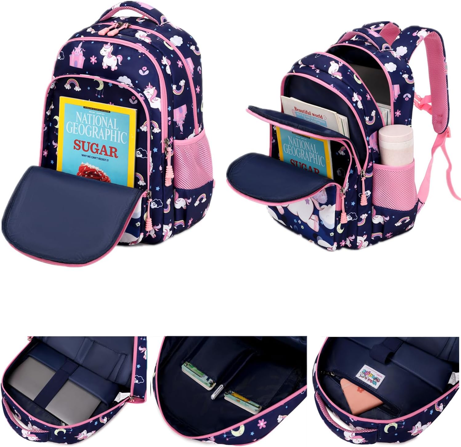 Impermeável e fácil de limpar - a mochila escolar para meninas é feita de material de nylon de alta densidade, que é impermeável e fácil de limpar, resistente a arranhões e ao desgaste e durável. Além disso, a nossa mochila de dia é testada para garantir um uso seguro.
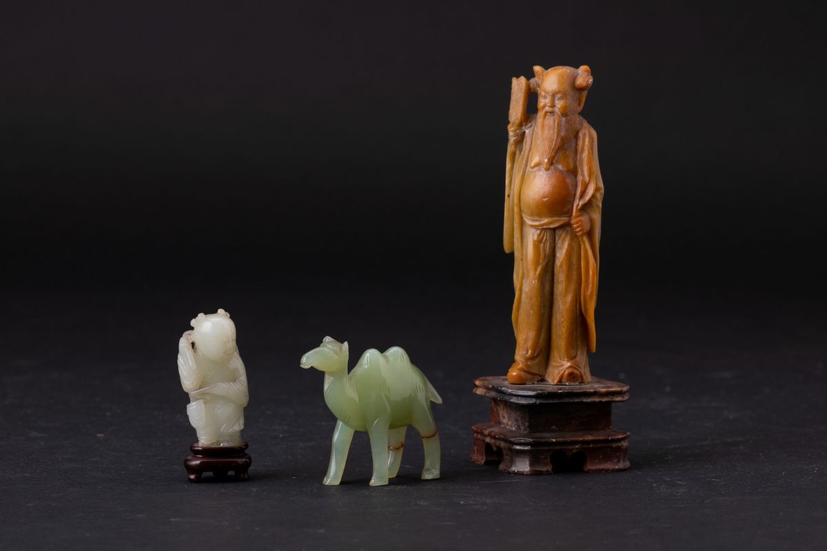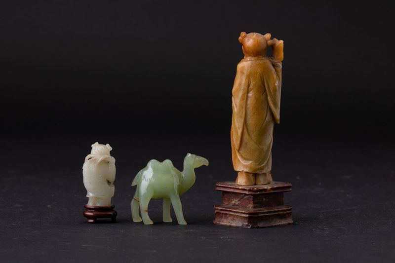 Lotto composto da una figura di saggio in saponaria e una figura di cammello in giada, Cina, XX secolo
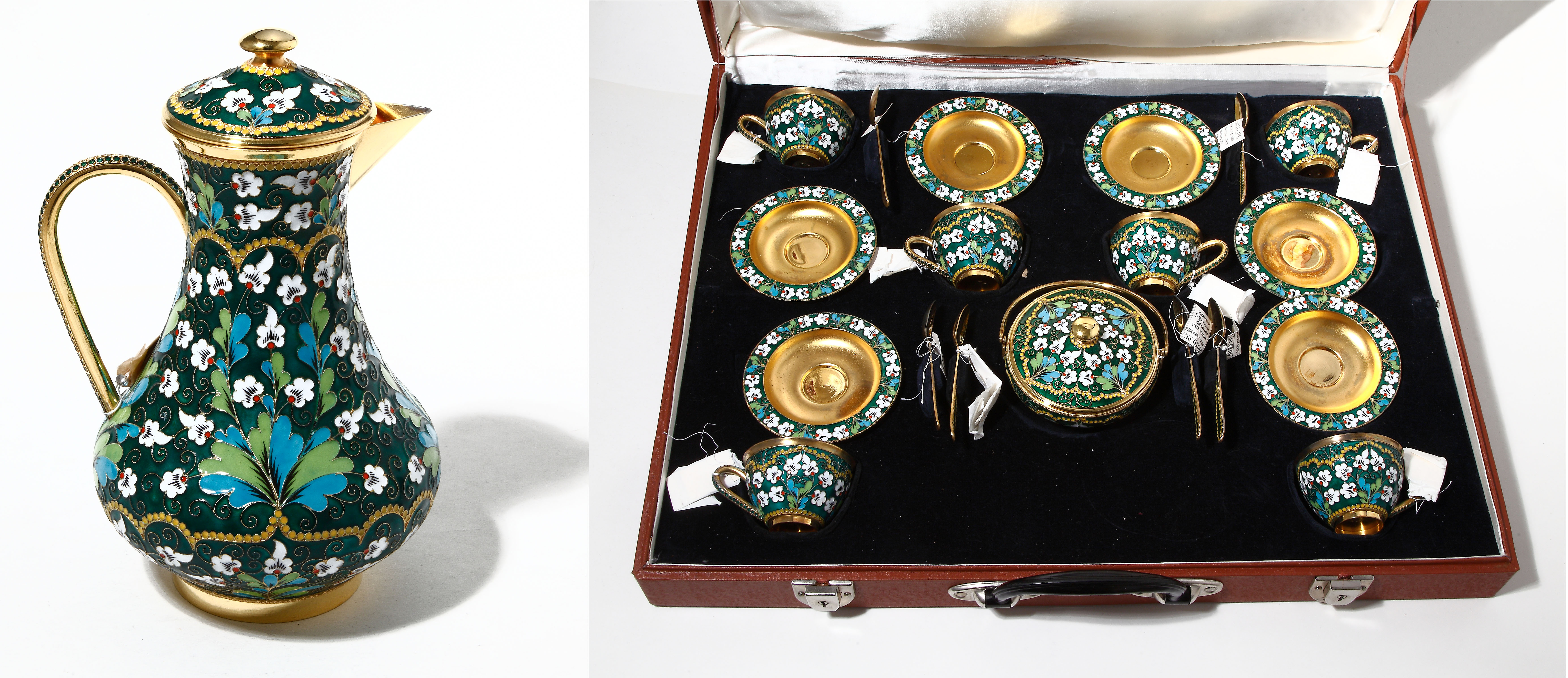 Чайный сервиз. Позолота, филигрань, эмаль.
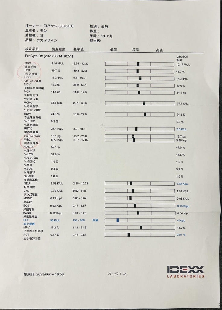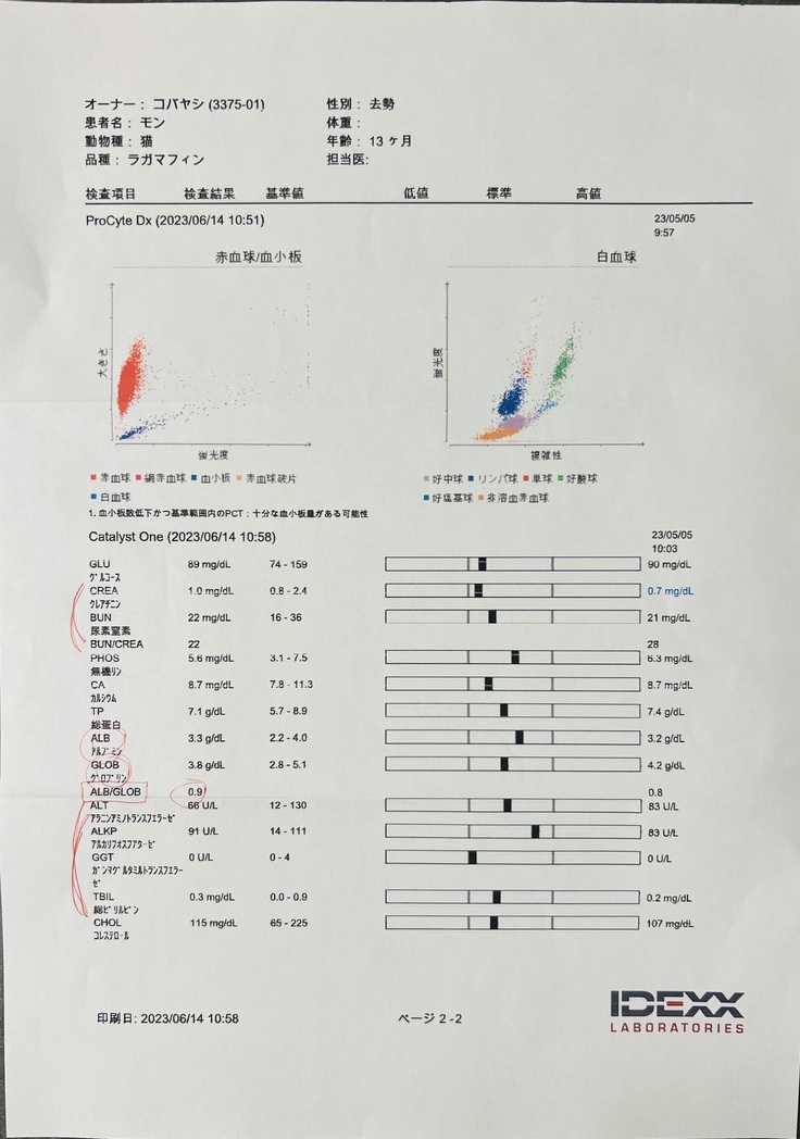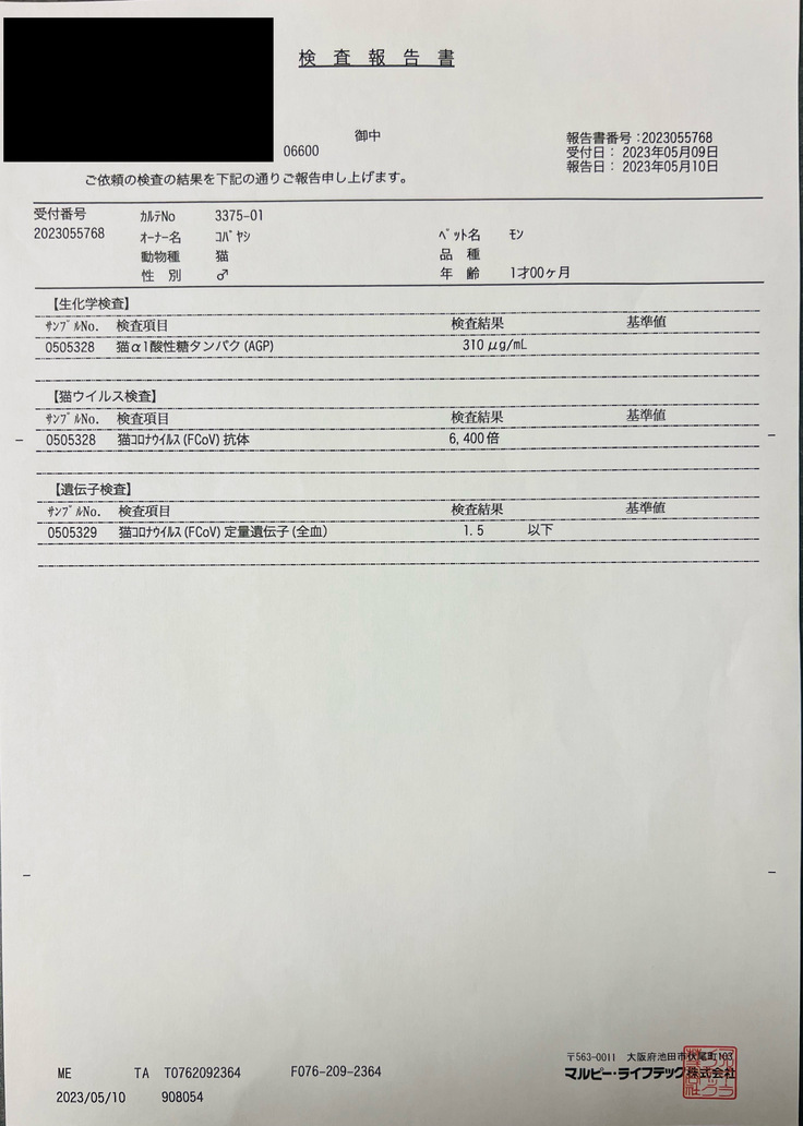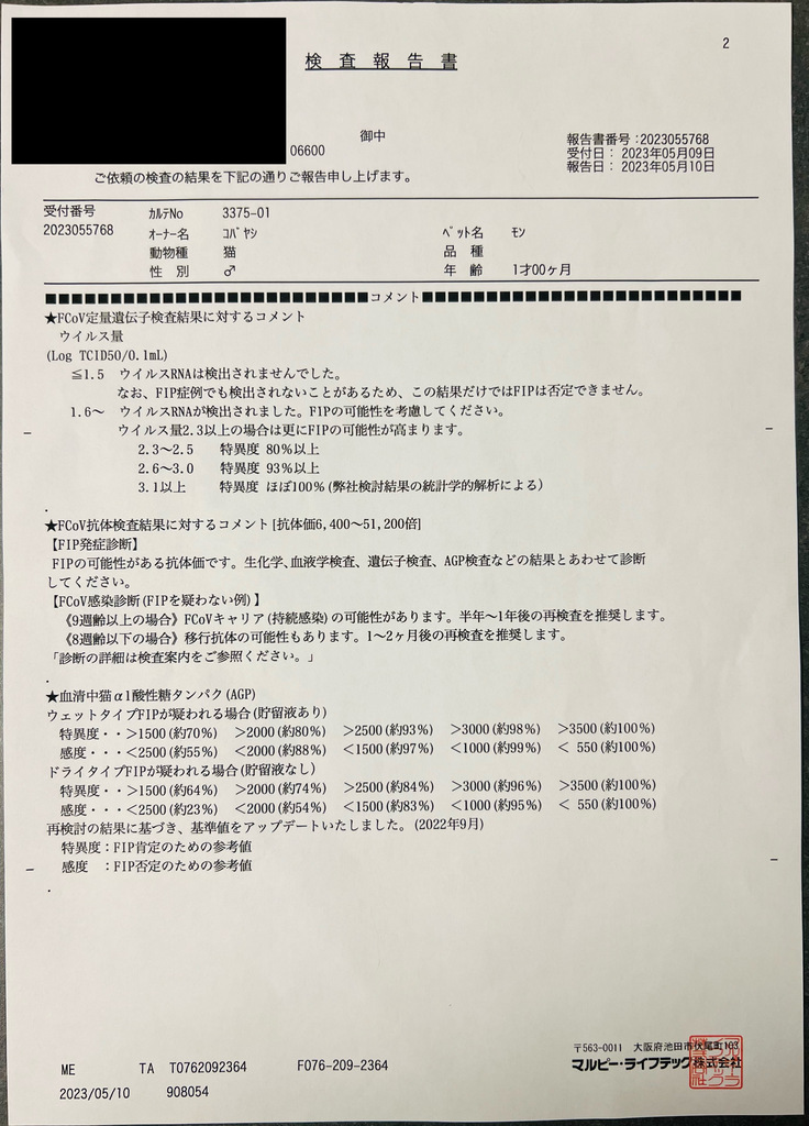 投薬終了前の検査報告書を、今日までいただいていなかったのでこちらに添付しておきます。
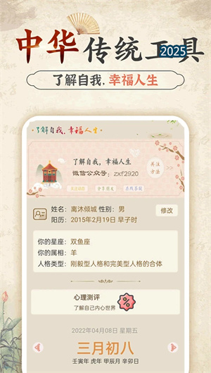 幸福大師APP是一款以積極心理學與人格特質理論為基礎,融合中華傳統文化智慧的綜合幸福提升平臺。本應用以“了解自我性格和心理”為核心指引,通過科學測評工具與多維分析系統,幫助用戶建立全面的自我認知框架,減少人生迷茫,實現可持續的幸福感提升。平臺整合了現代心理測量學、傳統五行命理與行為科學干預三大體系,構建了涵蓋性格特質剖析、心理狀態評估、幸福指數追蹤、人生決策支持及情緒壓力管理的完整服務生態。幸福大師致力于通過數據化自我洞察與個性化成長方案,使用戶在認識自我的基礎上優化生活選擇策略,平臺上線至今已幫助超過800萬用戶提升主觀幸福感水平,用戶留存率達到76.3%。
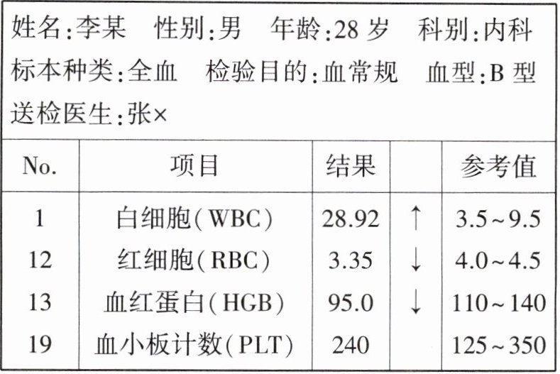 | 1 | 白细胞(WBC) | 28.92 ↑ | 3.5~9.5 |
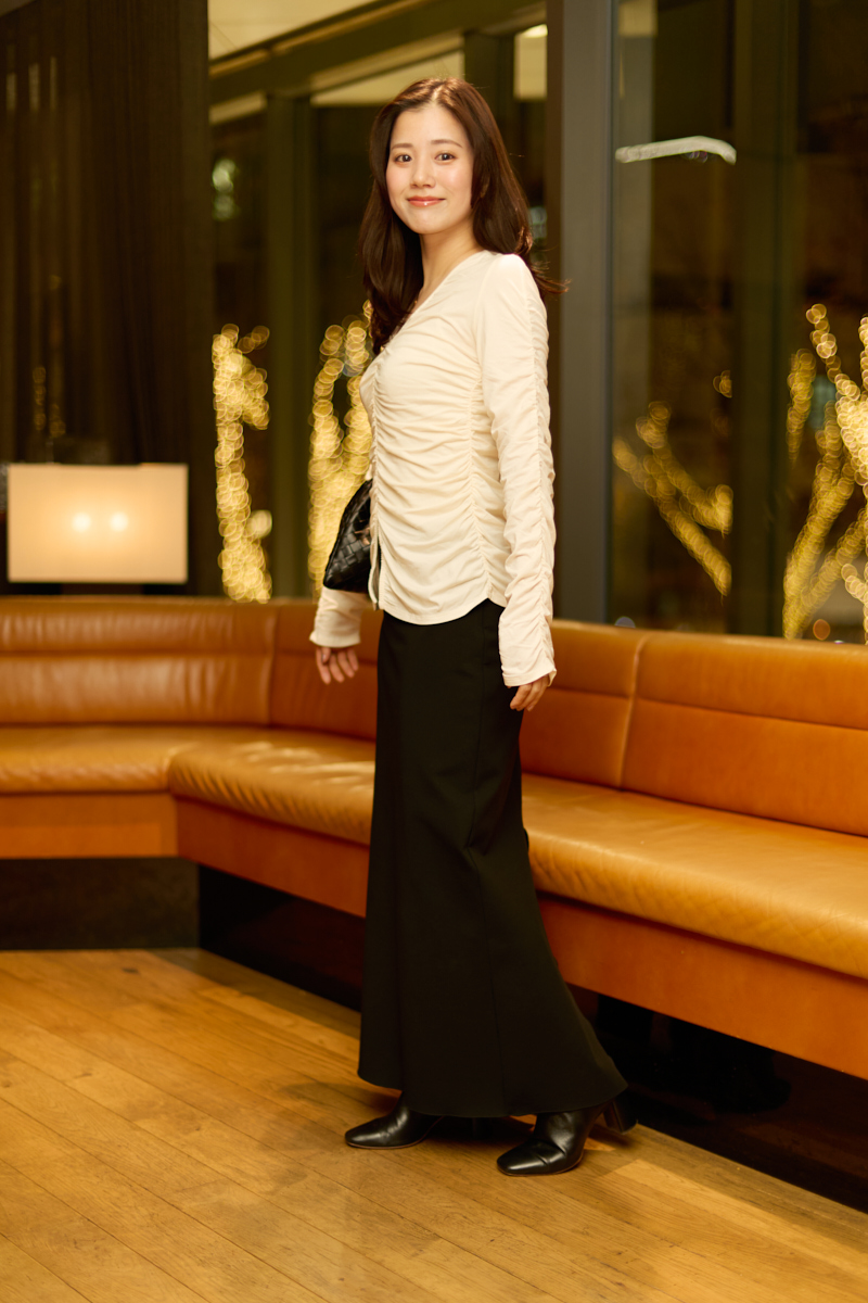 「ミースロエの白のギャザートップスは、Vネックで女性らしさと抜け感が出るところがお気に入りです。きちんと感がありながらリラックスして着られるので、忘年会にピッタリだと思い選びました」

◇ ◇ ◇ ◇

Goal of the exercise :: Needed here is only the span from the line with "28.92 ↑ | 3.5~9.5 |" through the last line of the entries, copied exactly with both ends and without pictures.

Exercise result ::
 | 1 | 白细胞(WBC) | 28.92 ↑ | 3.5~9.5 |
 「ミースロエの白のギャザートップスは、Vネックで女性らしさと抜け感が出るところがお気に入りです。きちんと感がありながらリラックスして着られるので、忘年会にピッタリだと思い選びました」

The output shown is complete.